Thursday, January 6, 2011

Dependence

I'm a pretty independent person.  I tend to do things my way, even if it's not the best or easiest.  I've been this way my whole life.  Some call this being hard headed; maybe I'm a little of both.  (If you want stories, you'll have to ask my parents.  I refuse to incriminate myself.)  Independence can be a good and a bad thing. 

I love to travel: the adventure, new cultures, meeting people, beautiful sights, and even trying new foods.  Being independent has let me see the world: and it is a beautiful place.  Independence has also allowed me to be comfortable with myself.  There are so many people who can't handle being alone; I, on the other hand, find it thrilling.  Don't get me wrong, I'm a people person.  I love a crowd and a party; but there is something beautiful about the times when it's just me. 

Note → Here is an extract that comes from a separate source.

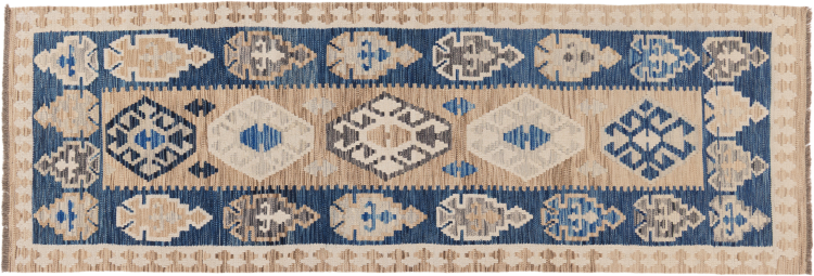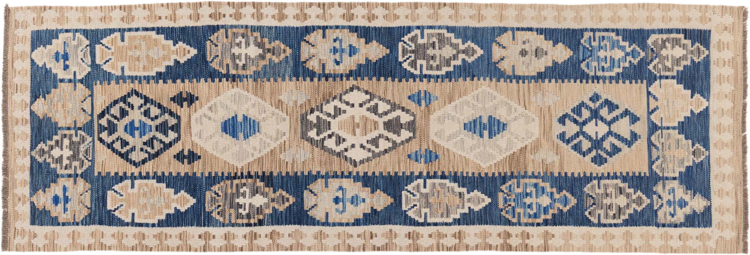 Carpet ID: 2946170045953 Size: 247x83 cm Thickness: ap. 3 mm Manufacturing: Woven by hand Pile: Handspun wool Warp: Sheep wool Origin: Afghanistan Age: New Weight: ap. 3 kg Also know as Kilim, Qilim, Chilim, Afgan, Afghán In stock: Unique - Only 1 in stock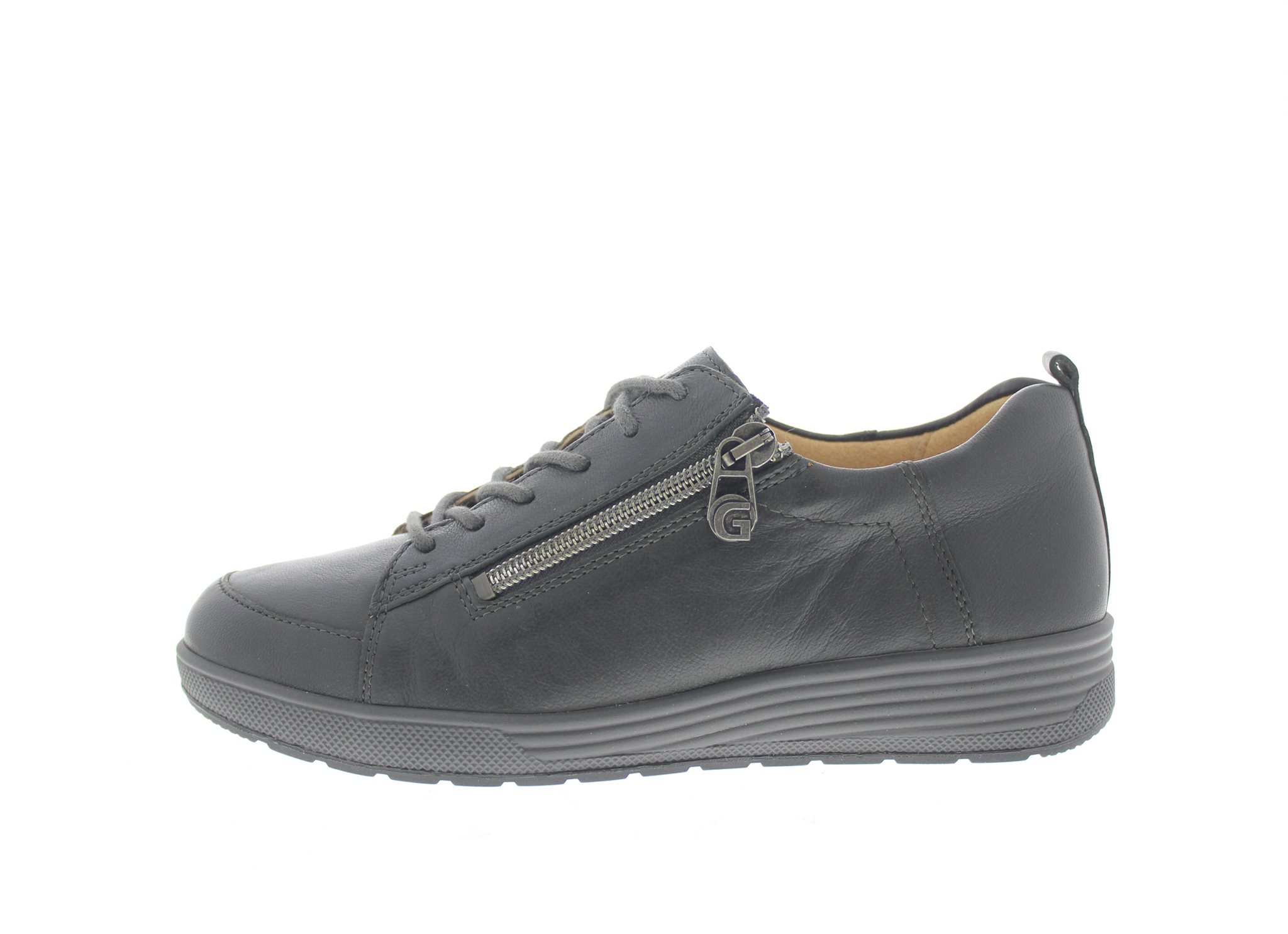 Ganter dames minimalistische sneaker, model Klara uit de Sensitiv lijn. Groen glad leer met een zachte binnenvoering en een rits voor het instap gemak. De flexibele loopzool zorgt voor een neutrale en natuurlijke afwikkeling van je eigen voet. Wijdte K, geschikt voor de brede voet. Uitneembaar voetbed. Goed te dragen als dagelijkse schoen voor mensen met weinig voetklachten.

But-and there's usually a but-when it comes to my relationship with God-trusting Him completely-I get in the way.  I have the "I can do it by myself" mentality.  It just can't work that way.  Being where I am and doing what I do, people think I have this rock solid faith.  It's easy to let everyone think highly of you: and it's very easy to get a big head.  All the while, the truth is: everyday is a faith struggle.  You don't get this amazing relationship and trust in Christ just by moving to a foreign country.  If only it were that easy. 

"Faith is deliberate confidence in the character of God whose ways you may not understand at the time." ~Oswald Chambers

He is doing great things through me here.  BUT: nothing can compare with what He's doing in me.  I'm pretty sure the biggest thing that is going to come out of this chapter of my life is learning how to depend on Him alone.  I think that He had to take me away from everything that made me feel comfortable to show me that I need him in my everything.  I'm learning how to be deliberate to let Him have control of my life: my thoughts, words, and actions.  Sometimes this is a scary place to be.  It's hard to be vulnerable and it's hard to lose foolish pride. 

Being independent isn't a bad thing; but being solely dependent on Christ is the best thing.

"When you bow down before the Lord and admit you dependence on Him, He will lift you up..." ~James 4:10 

I want to be dependent on Christ so He can get the glory, and Him alone.  My prayer is to lose myself in the beauty of Christ.